Assigned task: The task for the listing below is to write out exactly the lines starting at the one containing "志愿者在用心清理押加比賽場(chǎng)地中的細(xì)小雜物。記者 劉俊濤 攝" and ending at the one containing "So, if the proto-planetary", both included. Pictures are to be omitted.

Dataset excerpts:
+++

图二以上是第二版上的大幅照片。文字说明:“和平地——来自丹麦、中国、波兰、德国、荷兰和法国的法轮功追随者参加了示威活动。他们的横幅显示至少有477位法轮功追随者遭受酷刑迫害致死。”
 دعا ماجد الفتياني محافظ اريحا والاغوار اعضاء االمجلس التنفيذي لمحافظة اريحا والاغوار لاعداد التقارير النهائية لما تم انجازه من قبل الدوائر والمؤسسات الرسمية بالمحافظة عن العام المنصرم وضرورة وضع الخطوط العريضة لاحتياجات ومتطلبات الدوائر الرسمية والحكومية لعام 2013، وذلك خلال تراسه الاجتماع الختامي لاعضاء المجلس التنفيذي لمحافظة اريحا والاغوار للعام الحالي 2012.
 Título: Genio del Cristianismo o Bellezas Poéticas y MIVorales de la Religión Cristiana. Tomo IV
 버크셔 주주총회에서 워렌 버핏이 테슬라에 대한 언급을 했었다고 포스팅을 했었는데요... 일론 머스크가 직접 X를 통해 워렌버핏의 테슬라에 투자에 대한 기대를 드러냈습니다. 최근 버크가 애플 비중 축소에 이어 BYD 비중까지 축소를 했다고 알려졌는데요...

+++

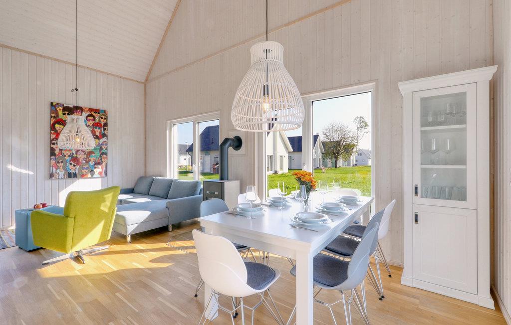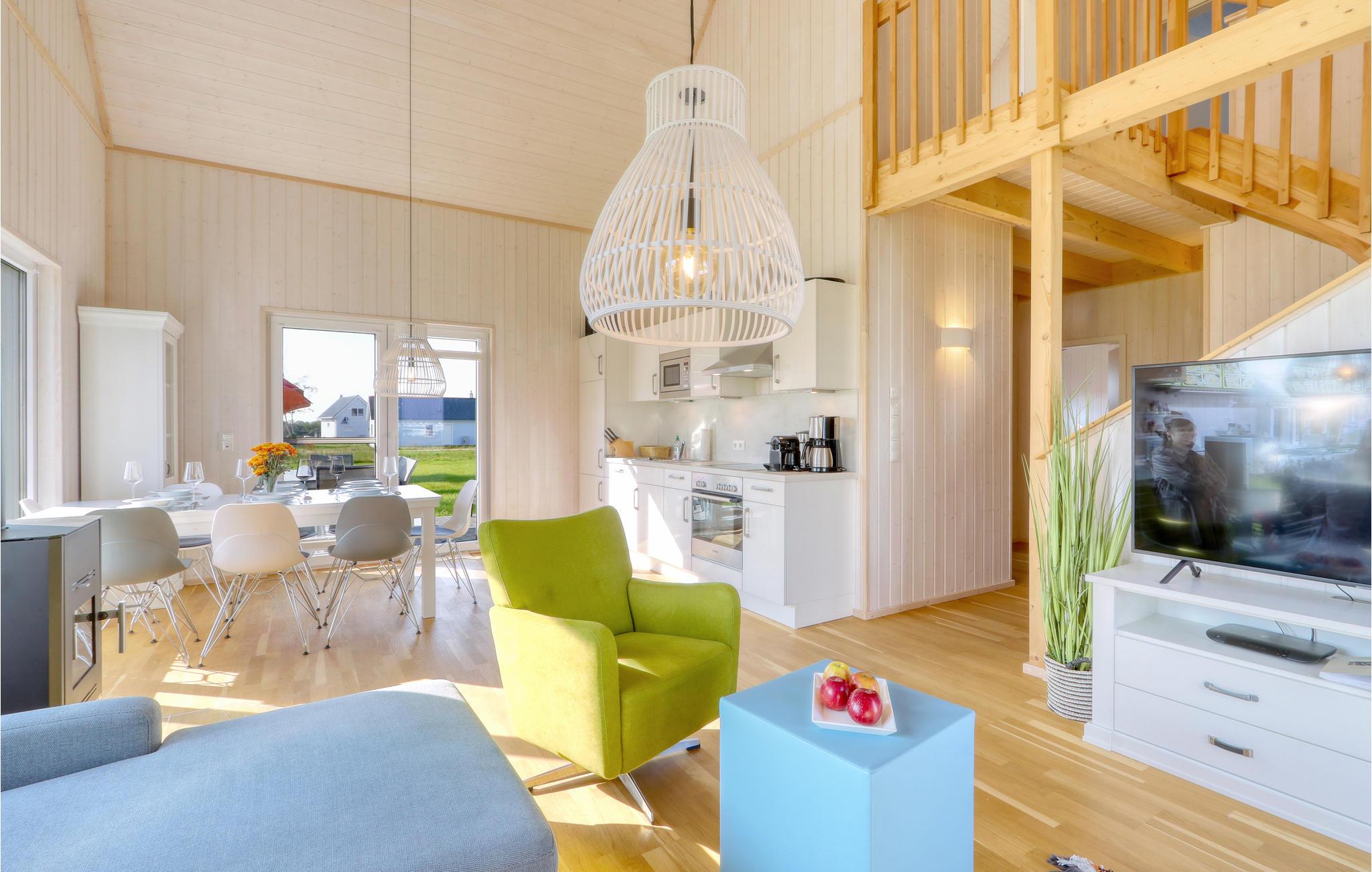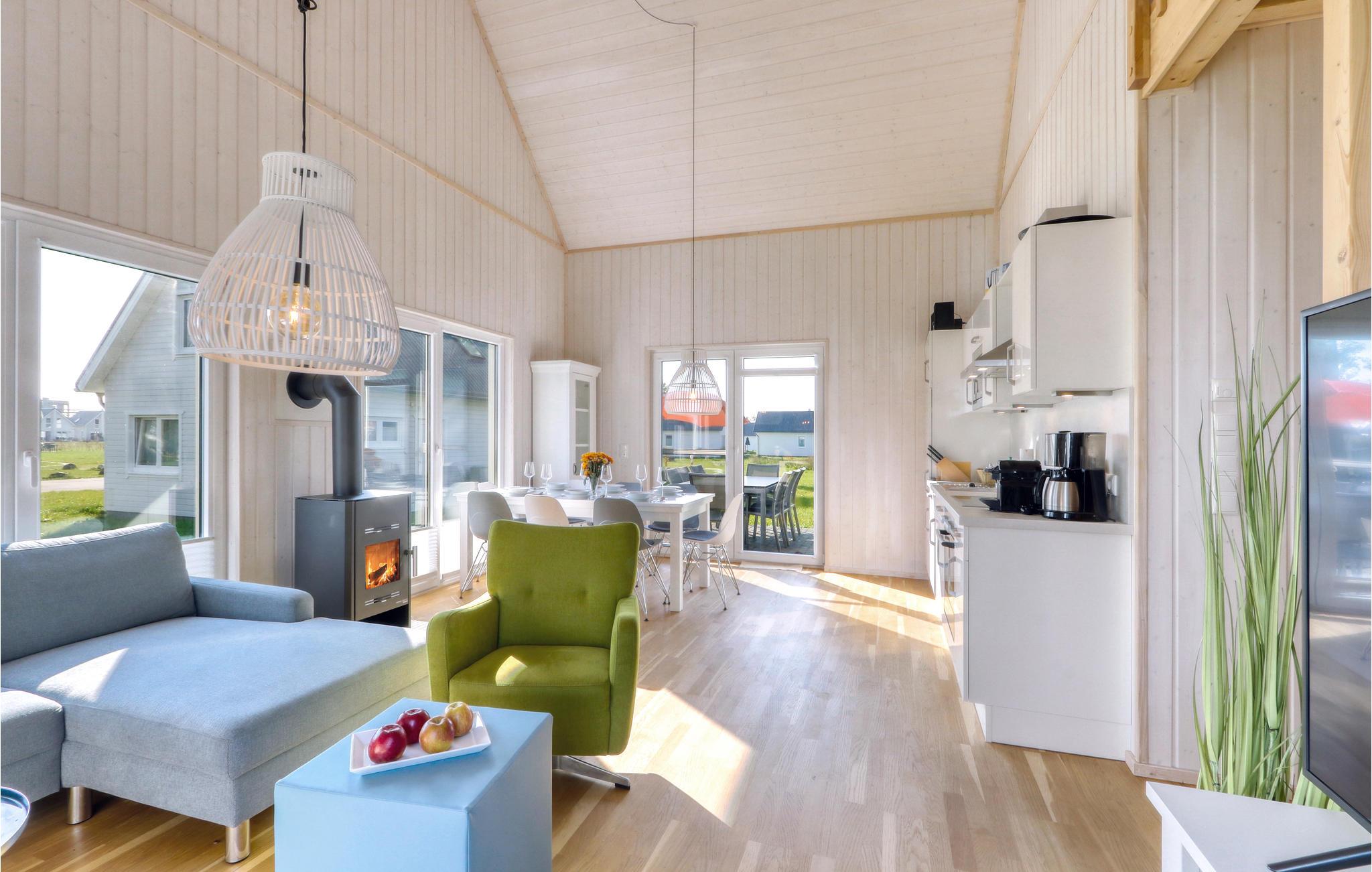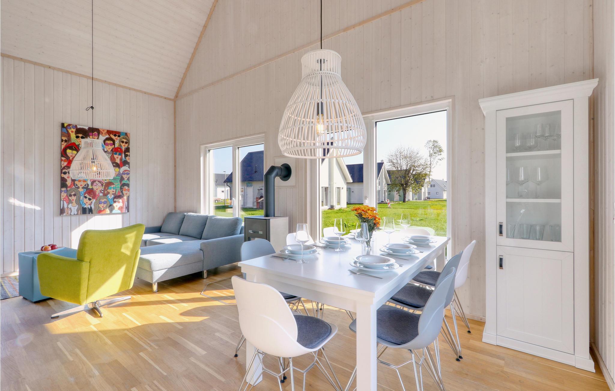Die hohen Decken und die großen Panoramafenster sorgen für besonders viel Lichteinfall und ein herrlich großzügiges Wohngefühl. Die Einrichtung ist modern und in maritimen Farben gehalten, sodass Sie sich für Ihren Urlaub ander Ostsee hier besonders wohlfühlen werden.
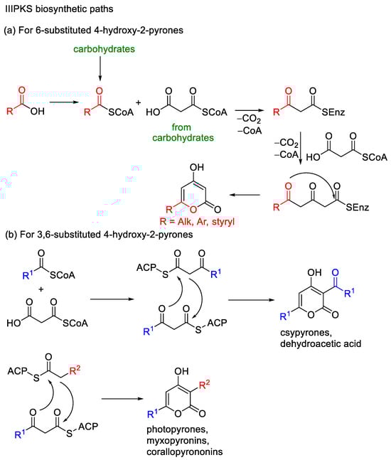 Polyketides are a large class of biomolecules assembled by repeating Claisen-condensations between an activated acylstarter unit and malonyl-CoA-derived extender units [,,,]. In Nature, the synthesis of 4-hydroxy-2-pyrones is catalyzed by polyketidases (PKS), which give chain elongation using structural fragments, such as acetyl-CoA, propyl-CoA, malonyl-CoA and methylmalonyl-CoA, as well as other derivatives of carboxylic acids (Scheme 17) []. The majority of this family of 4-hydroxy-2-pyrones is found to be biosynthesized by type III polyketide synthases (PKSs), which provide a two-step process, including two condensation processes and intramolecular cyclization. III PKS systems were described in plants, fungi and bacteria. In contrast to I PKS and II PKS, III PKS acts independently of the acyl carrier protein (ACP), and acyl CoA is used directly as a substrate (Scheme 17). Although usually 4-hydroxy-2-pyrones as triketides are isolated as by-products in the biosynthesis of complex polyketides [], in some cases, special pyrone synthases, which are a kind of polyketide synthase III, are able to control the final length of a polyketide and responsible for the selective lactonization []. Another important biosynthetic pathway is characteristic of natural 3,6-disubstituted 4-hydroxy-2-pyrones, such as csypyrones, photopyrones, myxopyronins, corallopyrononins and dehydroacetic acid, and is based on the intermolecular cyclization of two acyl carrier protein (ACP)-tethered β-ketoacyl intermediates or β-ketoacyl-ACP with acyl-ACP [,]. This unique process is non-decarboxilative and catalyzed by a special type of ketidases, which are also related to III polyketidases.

+++

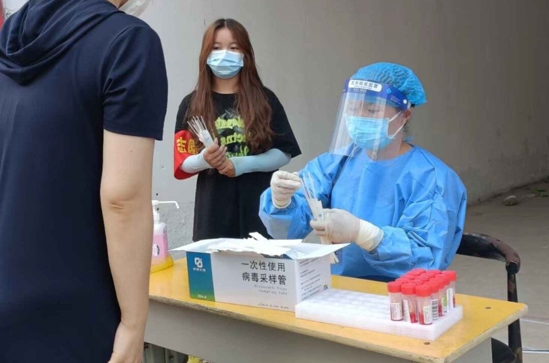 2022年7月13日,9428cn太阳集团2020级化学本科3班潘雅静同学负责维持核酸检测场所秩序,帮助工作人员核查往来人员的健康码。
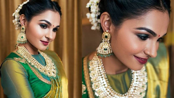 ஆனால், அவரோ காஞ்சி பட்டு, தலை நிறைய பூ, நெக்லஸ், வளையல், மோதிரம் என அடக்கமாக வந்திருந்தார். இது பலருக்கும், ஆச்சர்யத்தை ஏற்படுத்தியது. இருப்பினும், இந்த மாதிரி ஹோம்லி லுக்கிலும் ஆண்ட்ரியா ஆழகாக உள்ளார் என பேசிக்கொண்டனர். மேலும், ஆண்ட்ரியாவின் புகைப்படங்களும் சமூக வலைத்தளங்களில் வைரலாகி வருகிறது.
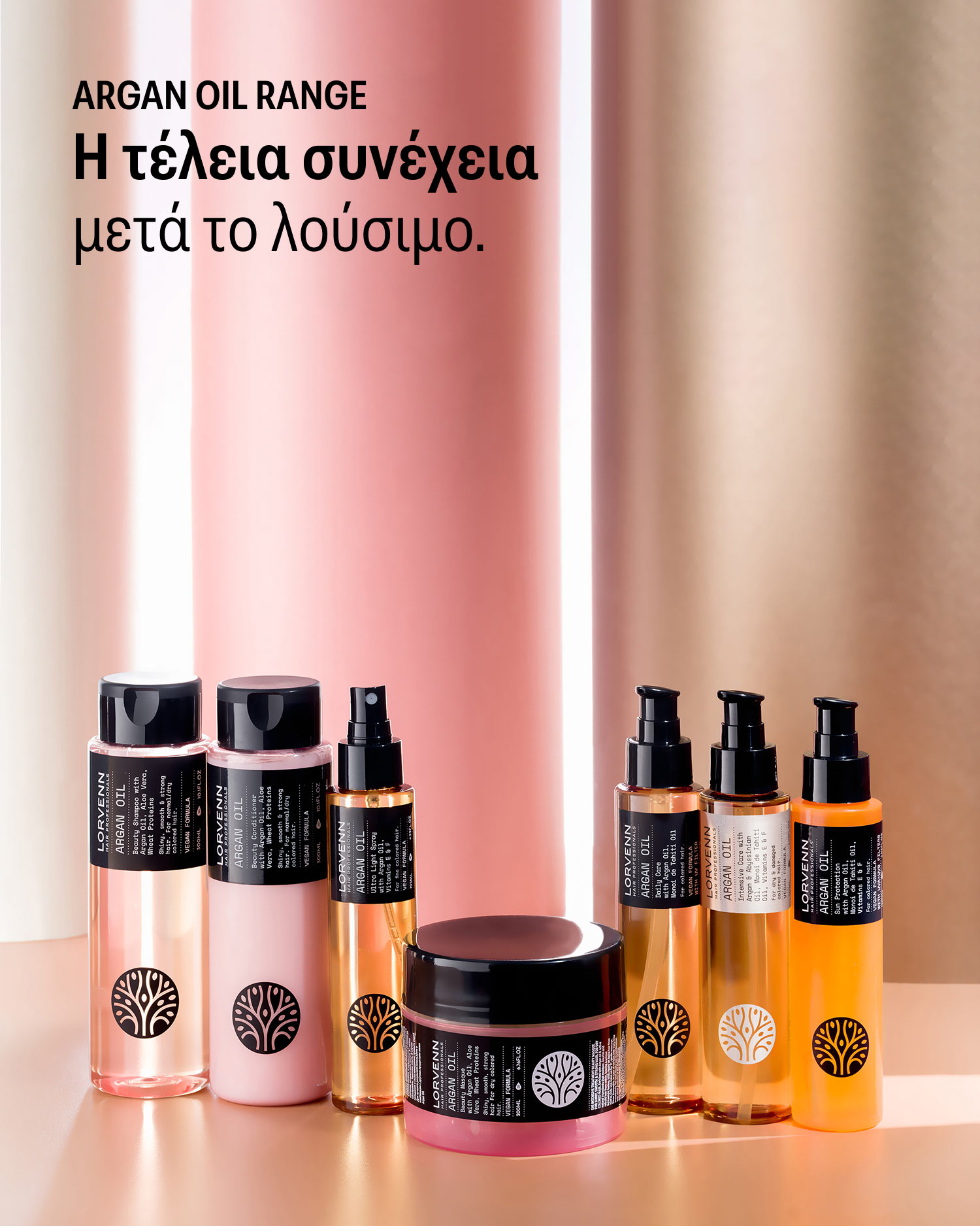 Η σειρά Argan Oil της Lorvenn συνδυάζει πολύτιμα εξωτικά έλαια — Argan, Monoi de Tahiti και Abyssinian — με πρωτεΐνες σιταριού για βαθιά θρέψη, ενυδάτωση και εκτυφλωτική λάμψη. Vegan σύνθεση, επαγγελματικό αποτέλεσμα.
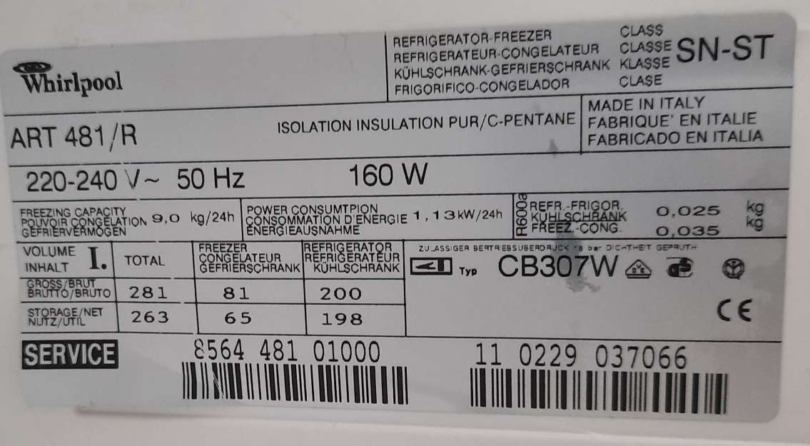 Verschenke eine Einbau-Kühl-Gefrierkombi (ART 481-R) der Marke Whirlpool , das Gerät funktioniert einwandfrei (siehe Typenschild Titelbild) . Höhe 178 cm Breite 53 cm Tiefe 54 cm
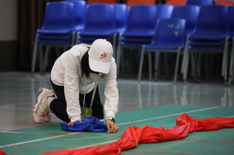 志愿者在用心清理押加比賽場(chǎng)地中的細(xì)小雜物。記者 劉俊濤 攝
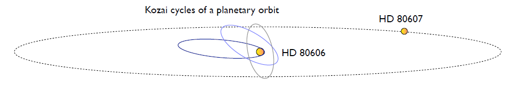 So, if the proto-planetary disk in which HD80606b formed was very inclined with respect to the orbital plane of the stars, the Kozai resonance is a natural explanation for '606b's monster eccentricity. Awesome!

+++

The answer:
 志愿者在用心清理押加比賽場(chǎng)地中的細(xì)小雜物。記者 劉俊濤 攝
 So, if the proto-planetary disk in which HD80606b formed was very inclined with respect to the orbital plane of the stars, the Kozai resonance is a natural explanation for '606b's monster eccentricity. Awesome!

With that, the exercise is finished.